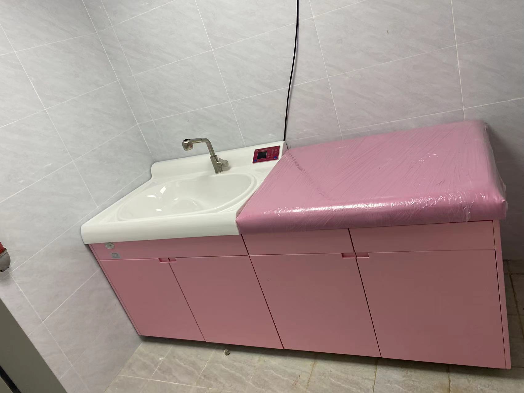 洗礼池:婴儿洗澡池低部圆滑突起设计;给婴儿一防滑支撑点,防止婴儿在池内滑动,造成意外呛水,池内设计的曲线模型与婴儿后背完全贴合,让婴儿洗浴时保持舒适的姿势,台面设计与池为一整体,与豪华背板都采用面层为优质的A级PMMA高分子复合材料一体成型,具有抗压强度高,柔韧性好,耐候性优良;抗氧化,耐酸碱,表面光滑,易清洗(表面细菌残留量远远低于不锈钢,人造石,陶瓷盆和其他普通塑料),耐磨损,寿命长,防腐防潮,永不生锈,对人体无毒性等特征及优点。池边全弧形设计美观大方,同时裙边防返水设计,让多余的水从导水沟排走
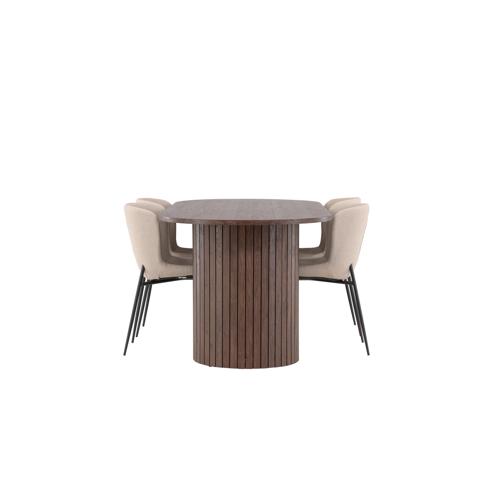 Bianca oválný jídelní stůl, ořechová černá dýha+židle Berit, černá béžová látka (polyesterové prádlo)_4
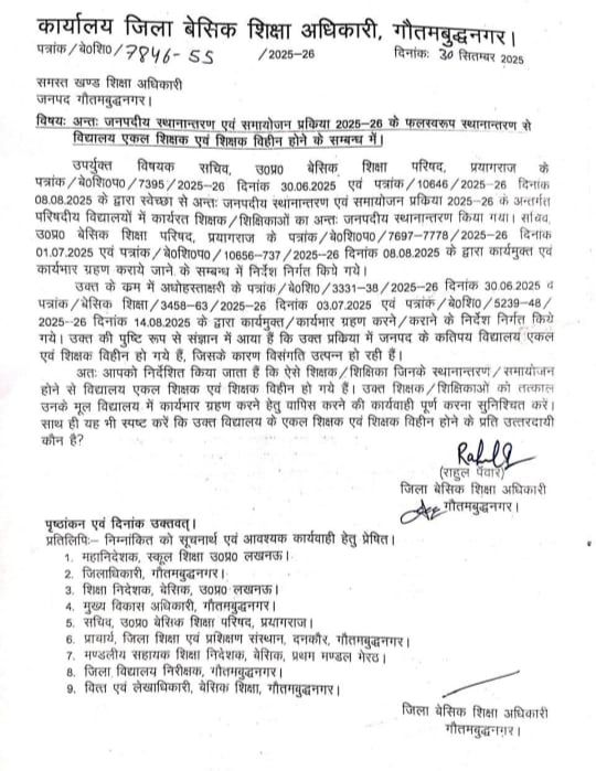 अन्तः जनपदीय स्थानान्तरण एवं समायोजन प्रक्रिया 2025-26 के फलस्वरूप स्थानान्तरण से विद्यालय एकल शिक्षक एवं शिक्षक विहीन होने के सम्बन्ध में
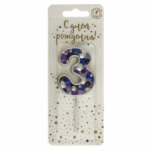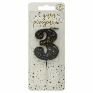 5633 Свеча тортовая цифра «3» черные брызги
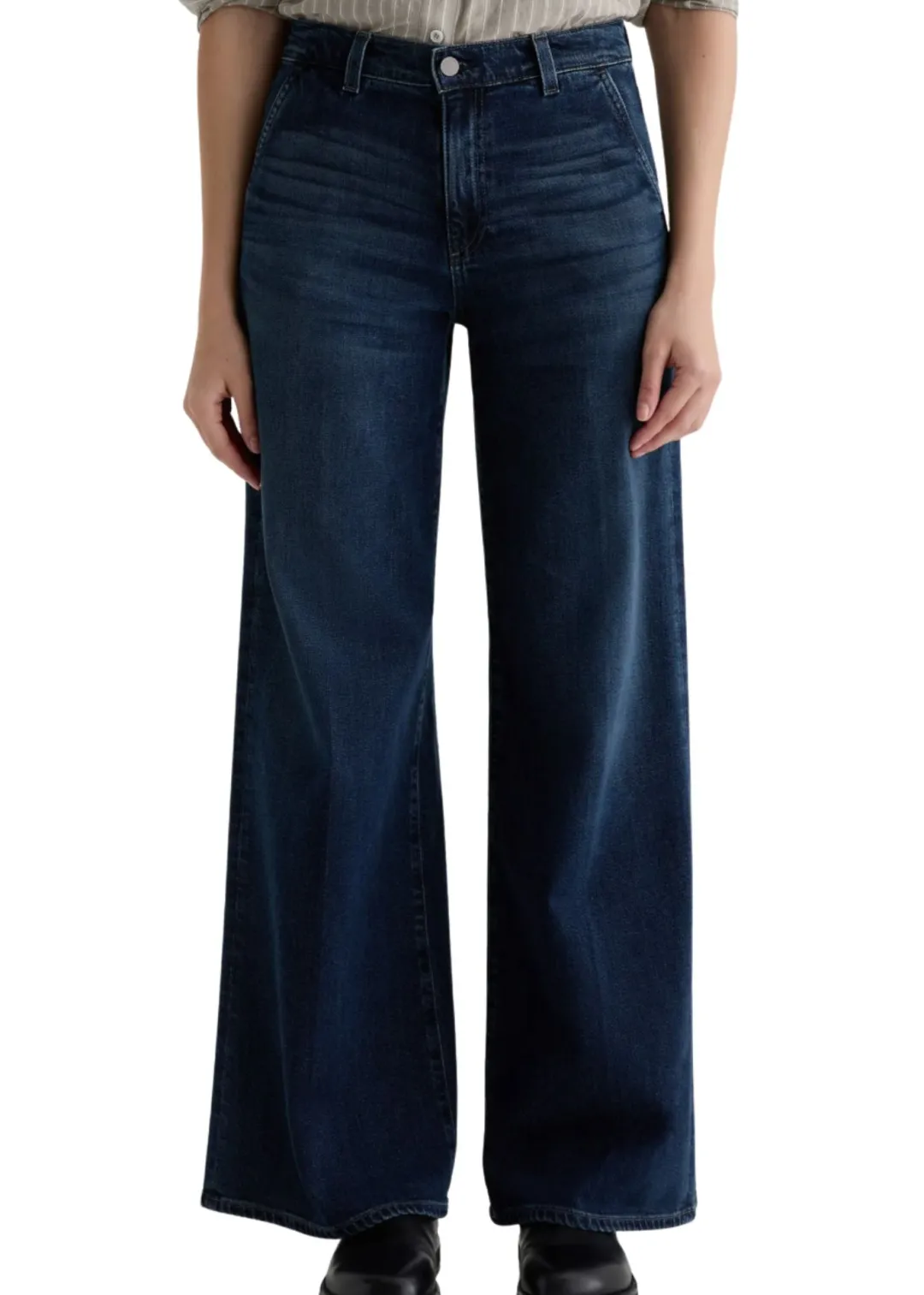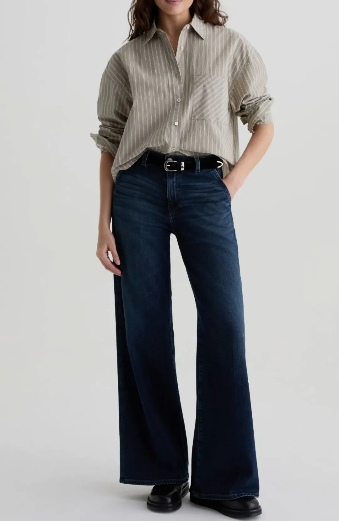 Superwide legs flow with every step you take in these mid-rise palazzo jeans made from stretch-kissed denim in a day-to-night rinse.
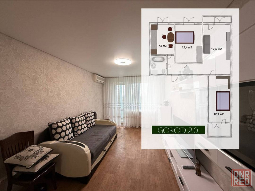 планировка - 2 просторных изолированных комнаты и гостиная
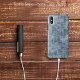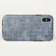 Diese digitalisierte Grafik, ist ein abstraktes Design, in einem gewebten, textilen Muster, in blauen, grauen und schwarzen Farben, die Denim ähneln.
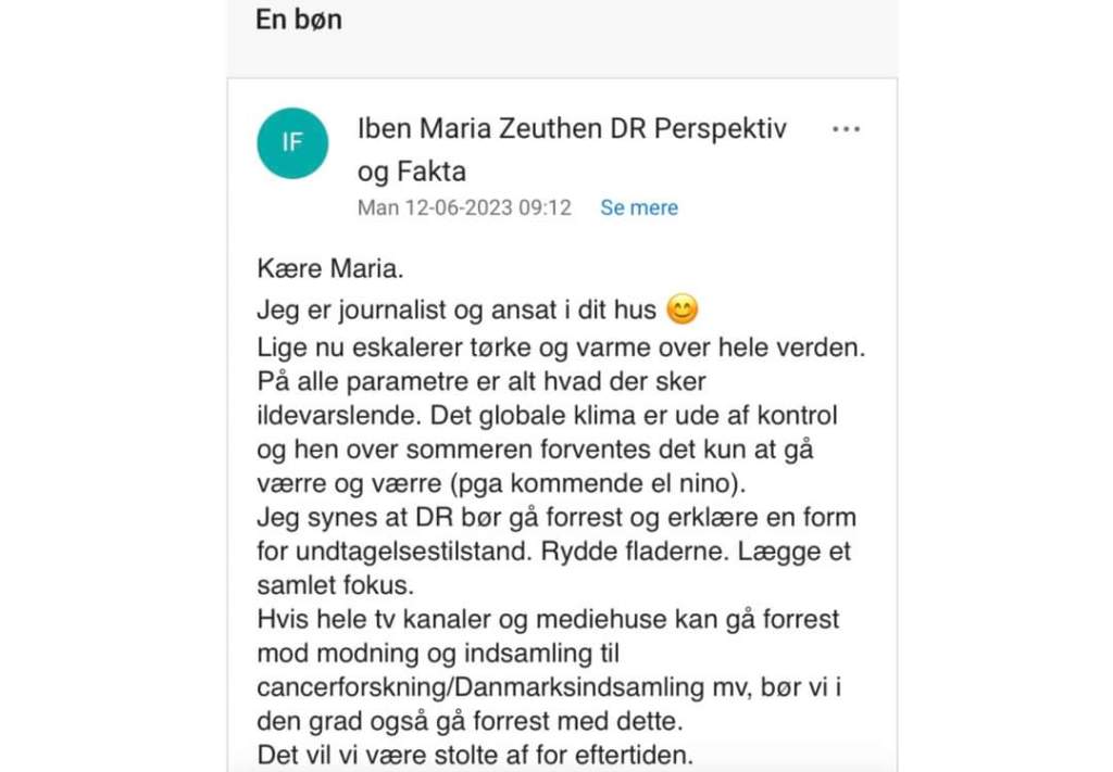 Følg Maria Iben Zeuthens opfordring. Vis din opbakning med et like og med at dele, så hendes livsnødvendige brev når så vidt ud som muligt, og en ordentlig, ansvarlig klimadækning bliver et folkekrav. Danmarks Radio er vores radio. Så bør den også tage vores liv alvorligt.
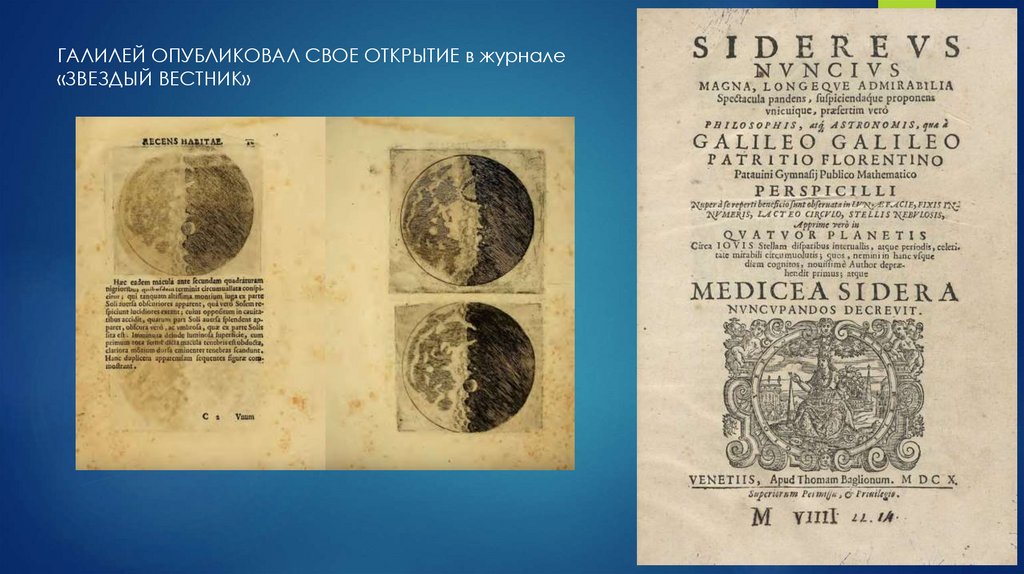 ГАЛИЛЕЙ ОПУБЛИКОВАЛ СВОЕ ОТКРЫТИЕ в журнале«ЗВЕЗДЫЙ ВЕСТНИК»
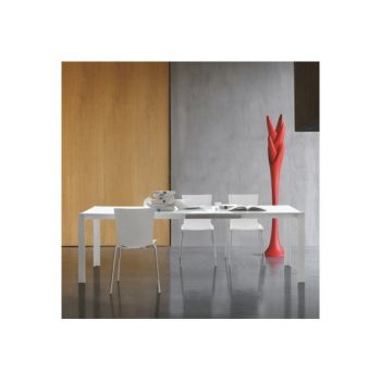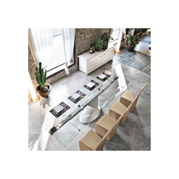 Tavolo allungabile con binario centrale interamente in alluminio, piano e allunghe in vetro temperato. Basamento in agglomerato dalle forme scultoree ideale per chi cerca un design raffinato e senza tempo.
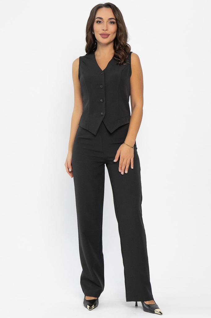 Состав : 65% полиэстер, 30% вискоза, 5% эластан Материал : костюмный Цвет : черный Принт : отсутствует Силуэт : полуприлегающий Карманы : отсутствуют Резинка в поясе : нет Вид застежки : брюки на молн... Показать описаниеии, жилет на пуговицах Декоративные элементы : отсутствуют Стильный костюм в черном цвете станет ярким акцентом в вашем гардеробе. Этот комплект включает в себя элегантные брюки на молнии и жилет, оформленный четырьмя пуговицами. Подходит и как повседневный вариант, и как вариант для мероприятий. Этот костюм станет отличным выбором для тех, кто ценит стиль и комфорт. Рекомендуем поиграть со стилизацией: сочетайте костюм с классической рубашкой или же с топом, а можно сразу надеть жилет без нижнего слоя! Внимание! Рекомендуем ориентироваться на размерную сетку и выбирать свой привычный размер, согласно размерной таблице. *Допуск отклонения длины при массовом производстве 1-3 см является нормой. Уход за изделием: Ручная стирка или стирка в машине при температуре до 30 °C, деликатный режим. Не использовать отбеливатели. Разрешена глажка при температуре до 110 °C. При глажке использовать специальную насадку на подошве утюга, гладить с паром. Не замачивать и не выжимать. Стирать изделие наизнанку, отдельно от других вещей.
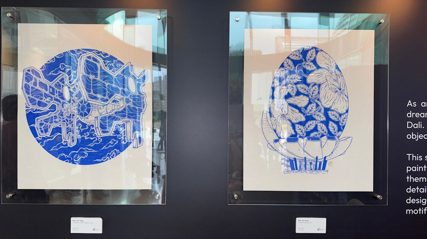其他的作品还包括他的蓝白系列,灵感来自新加坡标志性场景以及蓝白瓷餐具的水墨画,一些插画也被制作成T恤、马克杯和印刷品等。此次展览的所有收益将捐赠给视觉艺术组织——艺触觉(Art Outreach),以帮助支持其他年轻艺术家。
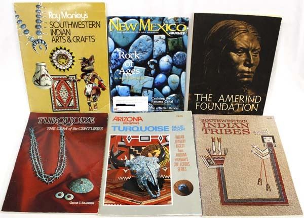 Southwest Interest Magazines and Softback Books, includes 1. New Mexico Journey Rock of Ages All about Turquoise (Magazine) March/April 2004 2. Turquoise: The Gem of the Centuries by Oscar T. Branson, c. 1975 First Edition 3. Arizona Highways Turquoise Blue Book c. 1975 4. Ray Manley's Southwestern Indian Arts & Crafts 5. Southwestern Indian Tribes by Tom Bahti, c. 1975 Fifth Printing 6. The Amerind Foundation c. 1967, signed by Rose Hayden Fulton

▶ _WHAT IS EXPECTED_
Extract, without any images, the part of the material above that opens with the line containing "5633 Свеча тортовая" and closes with the line containing "其他的作品还包括他的蓝白系列", both lines included.

▶ _FINAL ANSWER_
 5633 Свеча тортовая цифра «3» черные брызги
 Superwide legs flow with every step you take in these mid-rise palazzo jeans made from stretch-kissed denim in a day-to-night rinse.
 планировка - 2 просторных изолированных комнаты и гостиная
 Diese digitalisierte Grafik, ist ein abstraktes Design, in einem gewebten, textilen Muster, in blauen, grauen und schwarzen Farben, die Denim ähneln.
 Følg Maria Iben Zeuthens opfordring. Vis din opbakning med et like og med at dele, så hendes livsnødvendige brev når så vidt ud som muligt, og en ordentlig, ansvarlig klimadækning bliver et folkekrav. Danmarks Radio er vores radio. Så bør den også tage vores liv alvorligt.
 ГАЛИЛЕЙ ОПУБЛИКОВАЛ СВОЕ ОТКРЫТИЕ в журнале«ЗВЕЗДЫЙ ВЕСТНИК»
 Tavolo allungabile con binario centrale interamente in alluminio, piano e allunghe in vetro temperato. Basamento in agglomerato dalle forme scultoree ideale per chi cerca un design raffinato e senza tempo.
 Состав : 65% полиэстер, 30% вискоза, 5% эластан Материал : костюмный Цвет : черный Принт : отсутствует Силуэт : полуприлегающий Карманы : отсутствуют Резинка в поясе : нет Вид застежки : брюки на молн... Показать описаниеии, жилет на пуговицах Декоративные элементы : отсутствуют Стильный костюм в черном цвете станет ярким акцентом в вашем гардеробе. Этот комплект включает в себя элегантные брюки на молнии и жилет, оформленный четырьмя пуговицами. Подходит и как повседневный вариант, и как вариант для мероприятий. Этот костюм станет отличным выбором для тех, кто ценит стиль и комфорт. Рекомендуем поиграть со стилизацией: сочетайте костюм с классической рубашкой или же с топом, а можно сразу надеть жилет без нижнего слоя! Внимание! Рекомендуем ориентироваться на размерную сетку и выбирать свой привычный размер, согласно размерной таблице. *Допуск отклонения длины при массовом производстве 1-3 см является нормой. Уход за изделием: Ручная стирка или стирка в машине при температуре до 30 °C, деликатный режим. Не использовать отбеливатели. Разрешена глажка при температуре до 110 °C. При глажке использовать специальную насадку на подошве утюга, гладить с паром. Не замачивать и не выжимать. Стирать изделие наизнанку, отдельно от других вещей.
其他的作品还包括他的蓝白系列,灵感来自新加坡标志性场景以及蓝白瓷餐具的水墨画,一些插画也被制作成T恤、马克杯和印刷品等。此次展览的所有收益将捐赠给视觉艺术组织——艺触觉(Art Outreach),以帮助支持其他年轻艺术家。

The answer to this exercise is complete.